Exercise description: Here the job is to transcribe only the lines from the one containing "The Baltic Sea crashes against the shores." through the last line below, exactly as written; please leave out pictures.

Listed records:
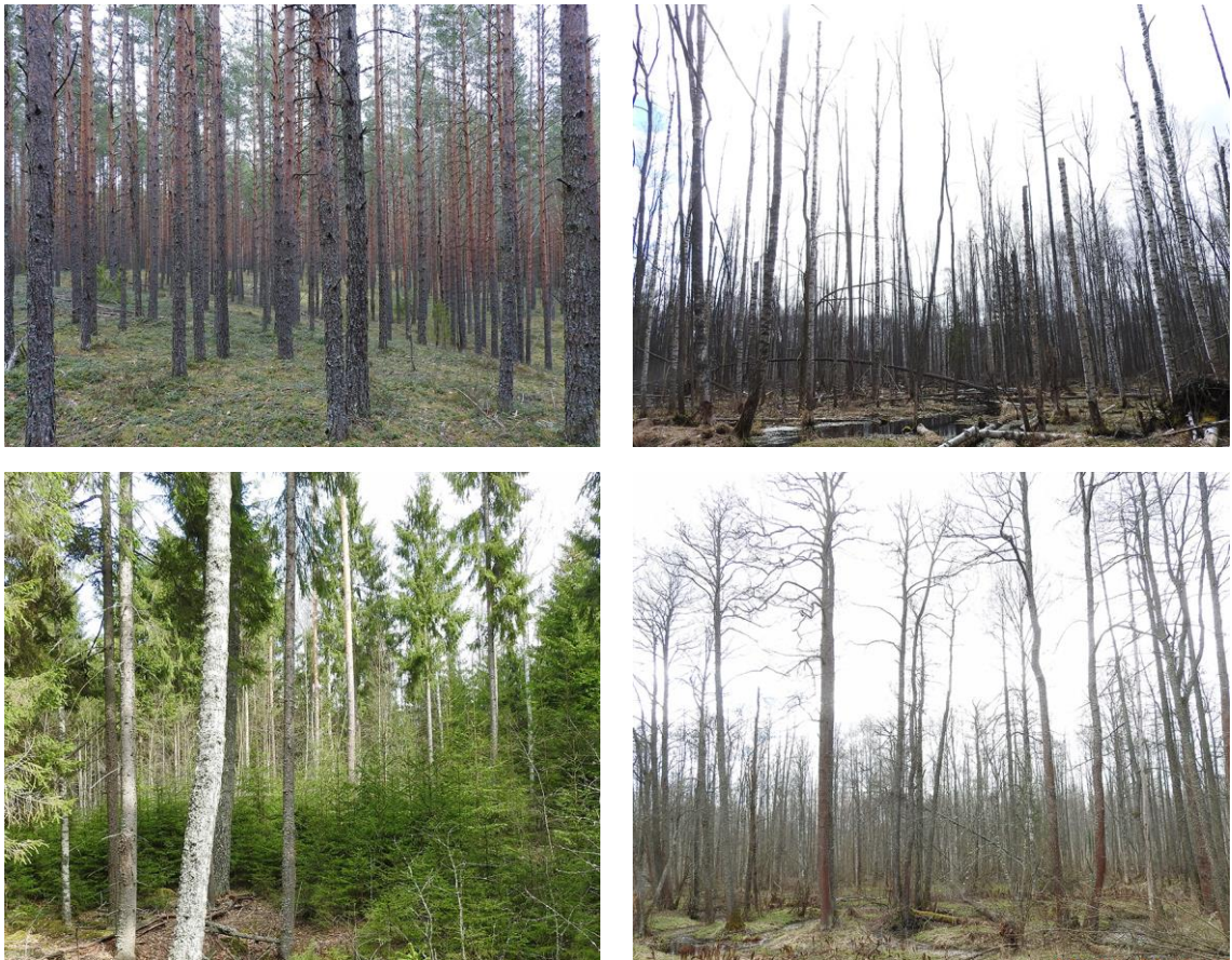
Fig. 3. Examples of biotopes where we have not recorded the species: a , pine monocultures, April 2017; b–d , thin deciduous forests (birch mires and black alder forests), Horodoksky and Vitebsk districts, April 2017; c , thin medium-aged coniferous forests, April 2017.

The southern border of the current distribution of the species in Belarus does not cross the Kaspla River and further (downstream from the mouth of the Kaspla River)—the Western Dźvina River. In the west, the border of the species' range can be tentatively drawn along the M8 (E95) motorway and along the eastern slopes of the Haradokskaja Upland. To the west of the M8 (E95) motorway, the species was found only in one place (vicinity of the village of Tryhubcy, Viciebsk region). However, the species is not recorded further west of Tryhubcy.
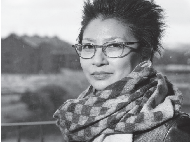
Akemi Takeya © Naoto Lina
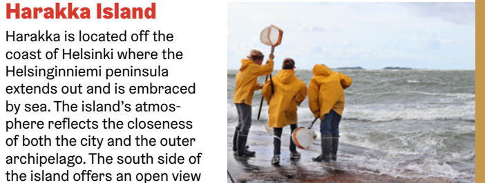
The Baltic Sea crashes against the shores.

Harakka is a former military island of the Finnish Defence Forces, and it was opened to the public in 1989. The buildings on the island date back to when Finland was ruled by Russia, and some are from the time when the island was occupied by the Finnish Defence Forces. The island's current nature house was originally a Russian barracks building built in 1908.
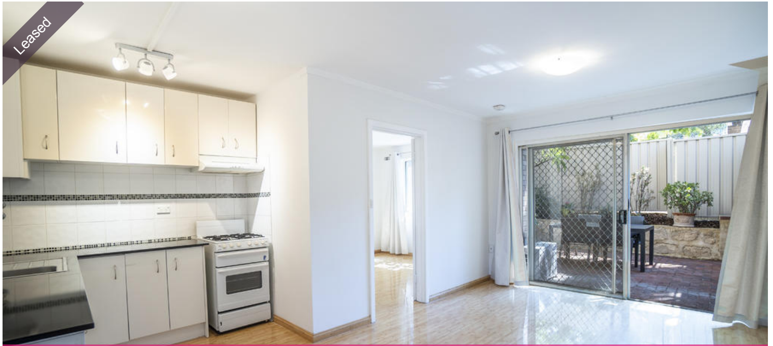
Unit 8, 209 Walcott St, North Perth

Answer to this task:
The Baltic Sea crashes against the shores.

Harakka is a former military island of the Finnish Defence Forces, and it was opened to the public in 1989. The buildings on the island date back to when Finland was ruled by Russia, and some are from the time when the island was occupied by the Finnish Defence Forces. The island's current nature house was originally a Russian barracks building built in 1908.
Unit 8, 209 Walcott St, North Perth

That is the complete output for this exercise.